(Beginning of MATERIAL PROVIDED)
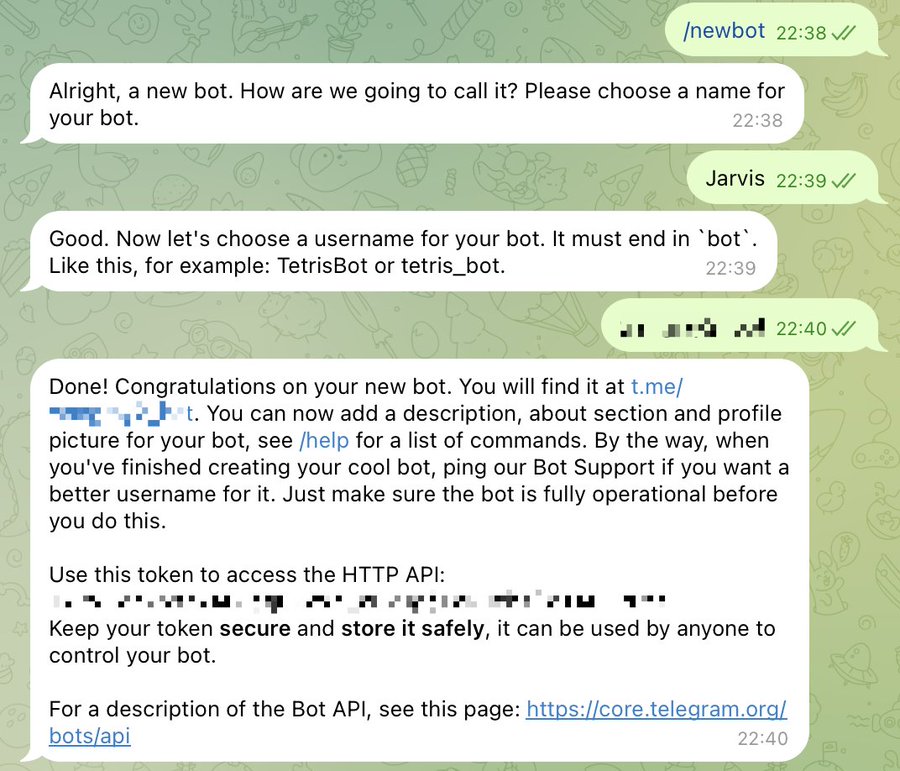 4)如果你选择用Telegram 在 Telegram 搜索@BotFather对话,新建 /newbot,获得token,复制粘贴回配置中。
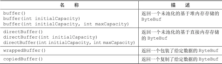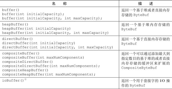 ByteBufAllocator接口ByteBufAllocator的方法: 可以通过Channel或者ChannelHandlerContext获取到一个ByteBufAllocator的引用。 Netty提供了两种ByteBufAllocator的实现:
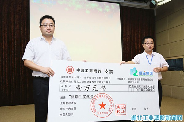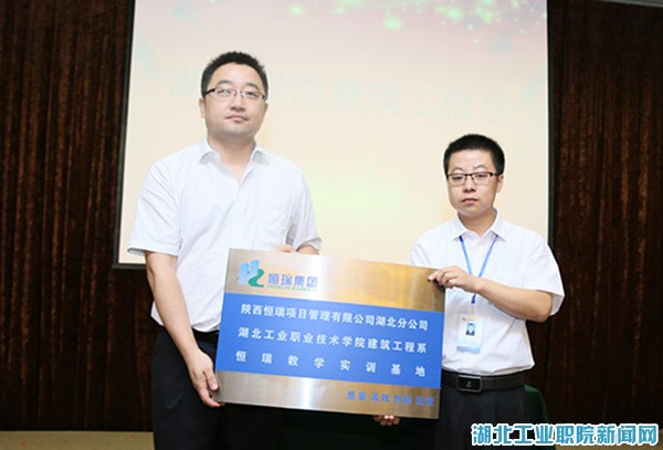 受系主任黄朝广委托,副主任严航代表建筑工程系与冯小兵现场签订了校企合作协议,并向企业授予“湖北工业职业技术学院恒瑞教学实训基地”的匾牌,代表建筑工程系接受了企业捐赠。根据协议规定,陕西恒瑞集团湖北分公司在建筑工程系设立“恒瑞”奖学金,每年提供不低于1万元的资助,用于奖励学业优秀的在校学生。同时,该公司拥有优先吸纳我院毕业生就业的权利。
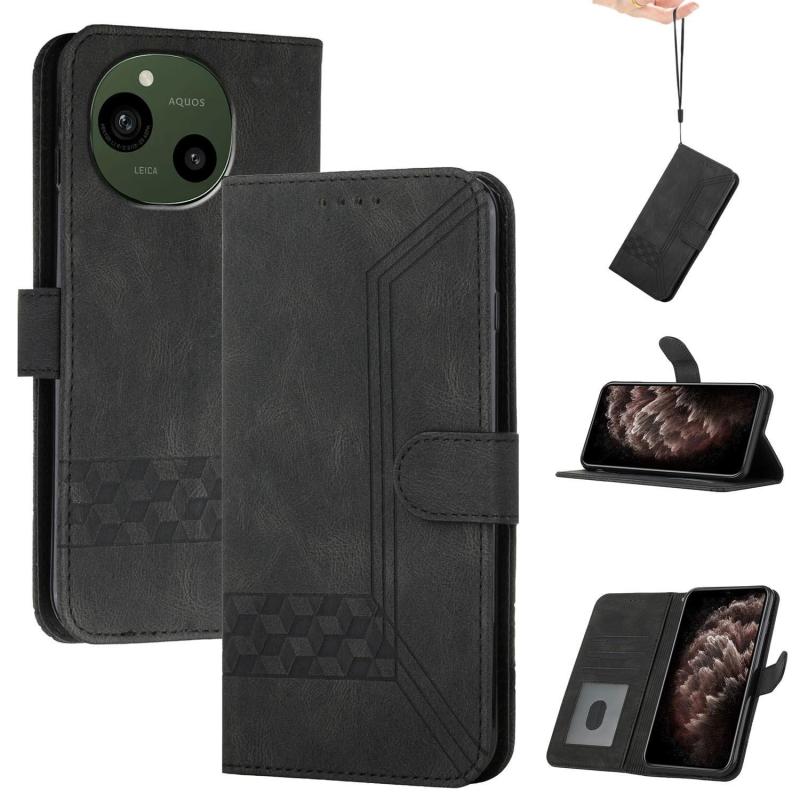 For Sharp Aquos R10 Cubic Skin Feel Flip Leather Phone Case(Black)
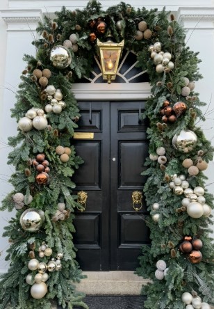 This elegant Christmas doorway is the perfect blend of sophistication and festive charm. The lush green garland, draped gracefully around the door, creates a stunning natural frame, while the mix of bronze, gold, and champagne ornaments adds a touch of refined sparkle.
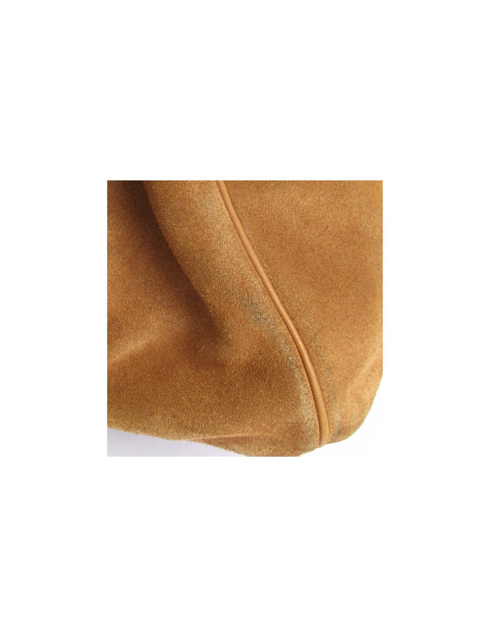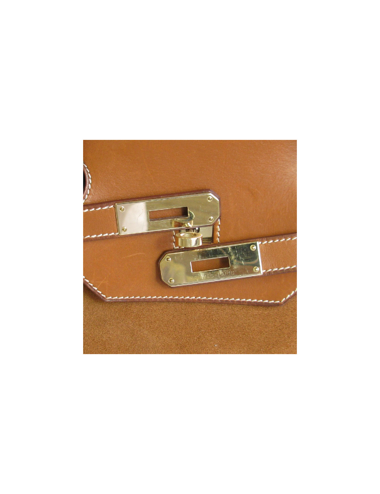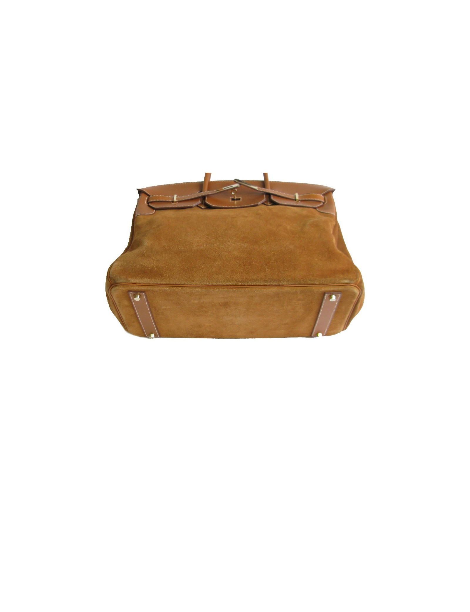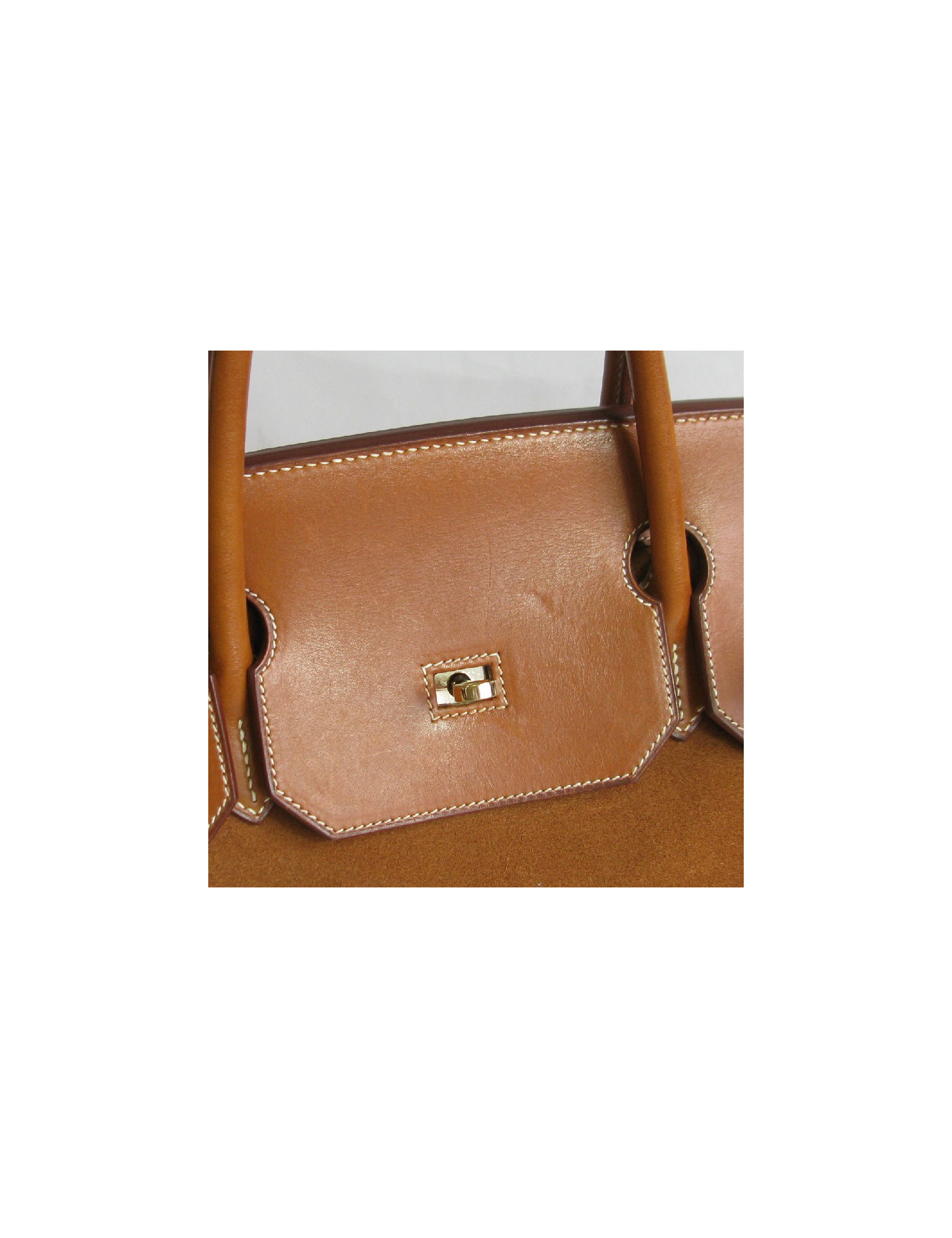 Édition limitée. Birkin 40, modèle Grizzly, Hermès en veau doblis (daim) et cuir barenia de couleur fauve, bijouterie couleur permabrass (doré pâle). Pas de cadenas, ni de clés, ni de clochette.Année 2012 (P dans un carré). L’intérieur est en toile chevron (impeccable) et en cuir barenia.
(End of MATERIAL PROVIDED)
> **REQUIREMENT**
Restate each line from the start of the listing through the line bearing "For Sharp Aquos" word for word. Drop the pictures.

> **WRITTEN RESPONSE**
 4)如果你选择用Telegram 在 Telegram 搜索@BotFather对话,新建 /newbot,获得token,复制粘贴回配置中。
 ByteBufAllocator接口ByteBufAllocator的方法: 可以通过Channel或者ChannelHandlerContext获取到一个ByteBufAllocator的引用。 Netty提供了两种ByteBufAllocator的实现:
 受系主任黄朝广委托,副主任严航代表建筑工程系与冯小兵现场签订了校企合作协议,并向企业授予“湖北工业职业技术学院恒瑞教学实训基地”的匾牌,代表建筑工程系接受了企业捐赠。根据协议规定,陕西恒瑞集团湖北分公司在建筑工程系设立“恒瑞”奖学金,每年提供不低于1万元的资助,用于奖励学业优秀的在校学生。同时,该公司拥有优先吸纳我院毕业生就业的权利。
 For Sharp Aquos R10 Cubic Skin Feel Flip Leather Phone Case(Black)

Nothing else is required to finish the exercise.